In contrast to those, they have numerous advantages. It improves patient comfort by eliminating the need for tattoos and restrictive masks. It enhances safety and efficiency through real-time surface tracking during treatment delivery. It identifies setup variables prior to imaging. For example, arm positioning, head, chin, tilts, and rotations that are especially important for our breast setups.
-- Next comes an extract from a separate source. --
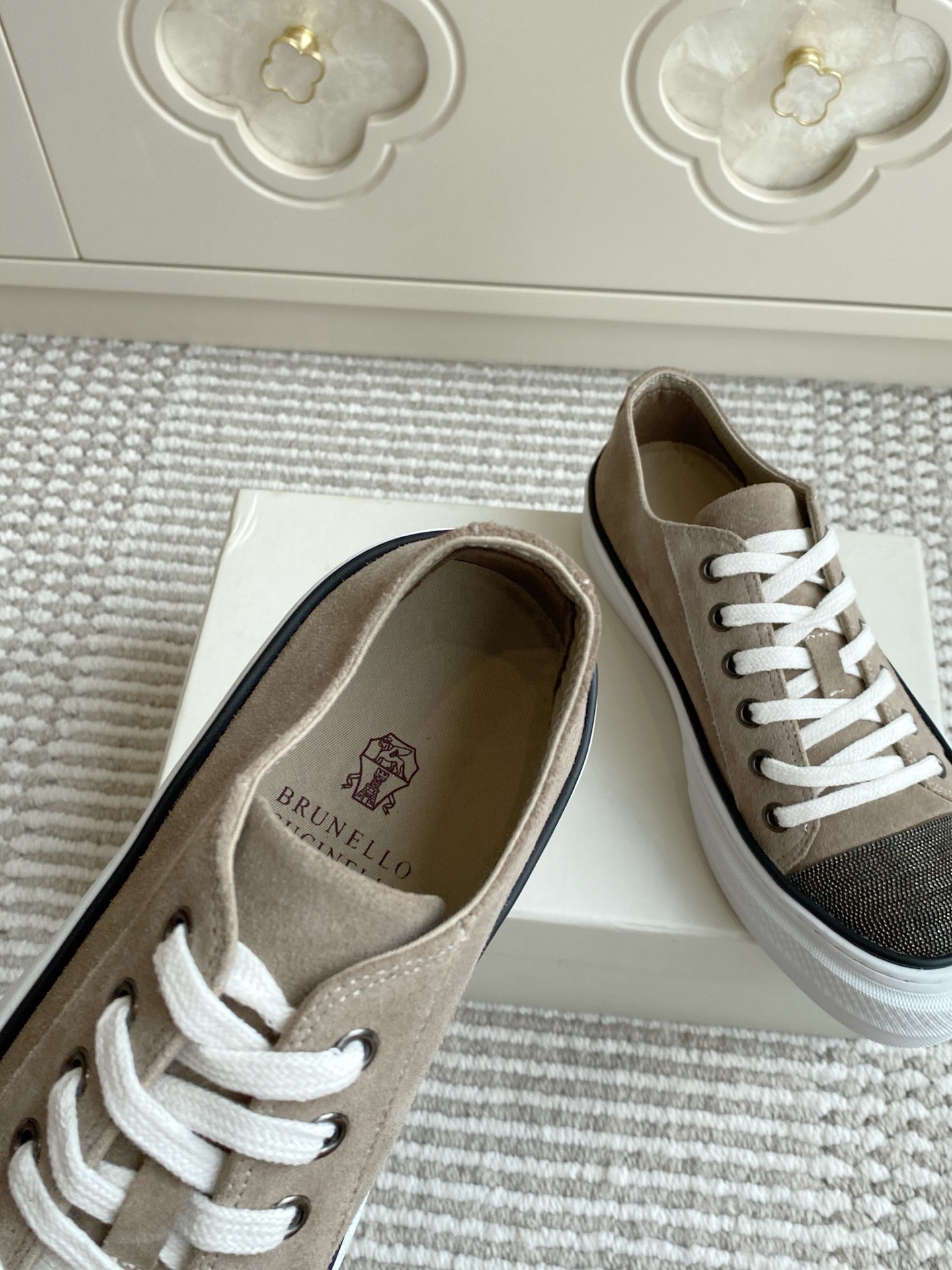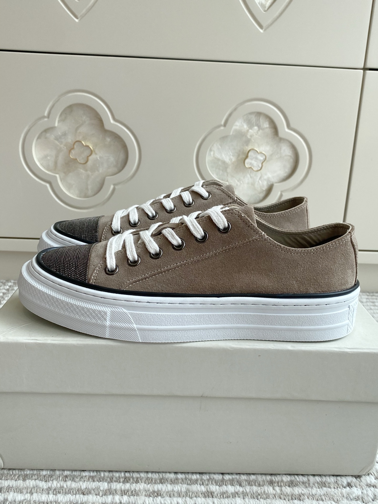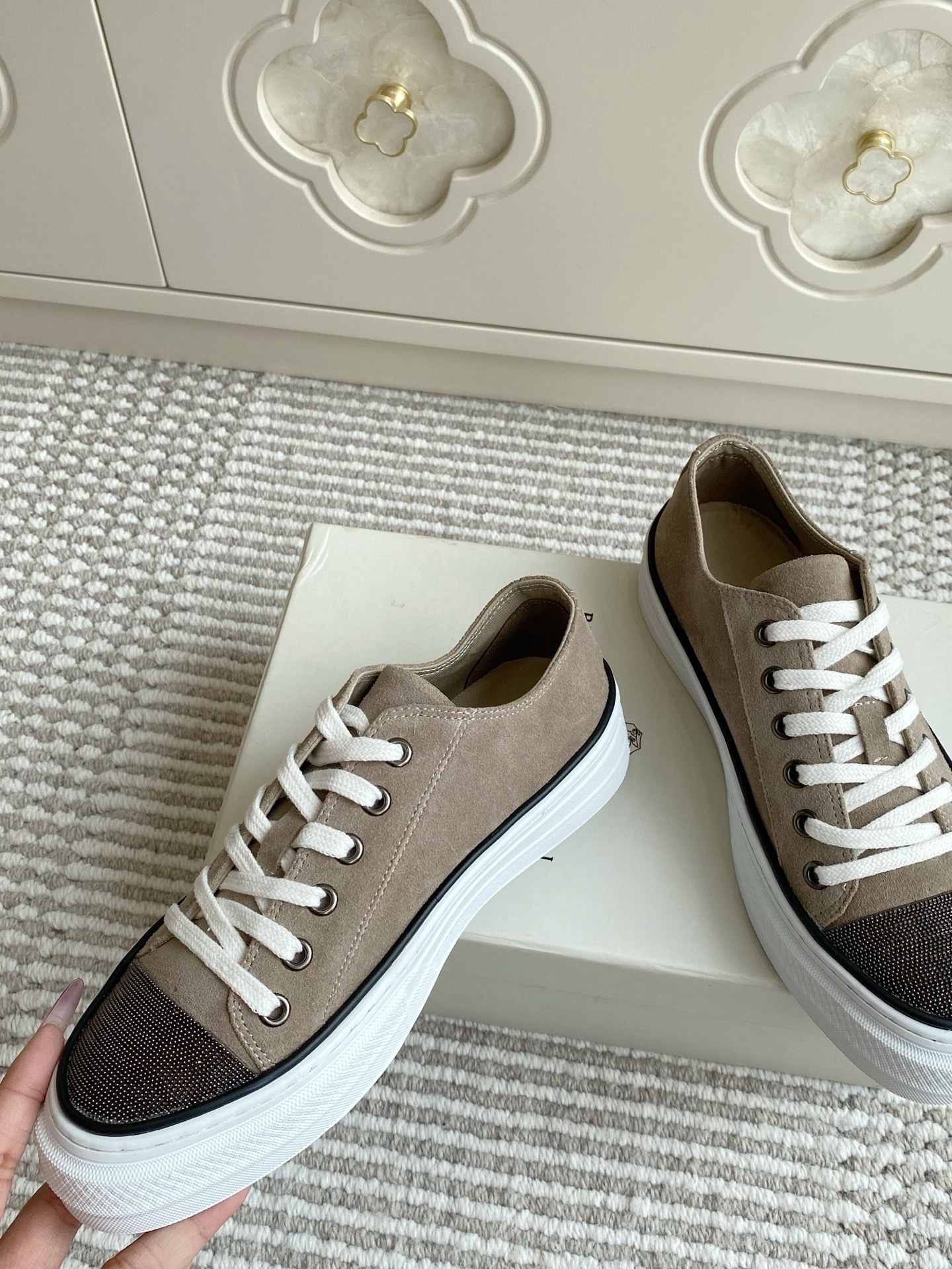 这款鞋子是AAAAA 1:1 质量 (非常棒). 使用了和原版一模一样的材料. 商标部分也保持了和Brunello Cucinelli一样. 图片拍摄是实物鞋子拍摄, 您所收到的实物保证和我们图片一模一样.

It streamlines patient setups and positioning, reducing overall time on the treatment table. As I said, in our CSI cases especially. It improves respiratory management for our DIBH gating treatments with visual monitoring of breath hold and breathing patterns. It also eliminates variability from daily placement of external marker boxes on these patients and trying to replicate that every day. It increases our therapist’s confidence by providing continuous motion monitoring rather than relying on assumptions during treatment. For example, if they coughed or sneezed in the middle, if they actually moved, or if they are still good in their position to continue with treatment. It also enables automatic surface guidance and from plan shifts, as I showed earlier. It supports accurate bolus placement verification, and it’s applicable across a wide range of treatment sites. And that’s the end.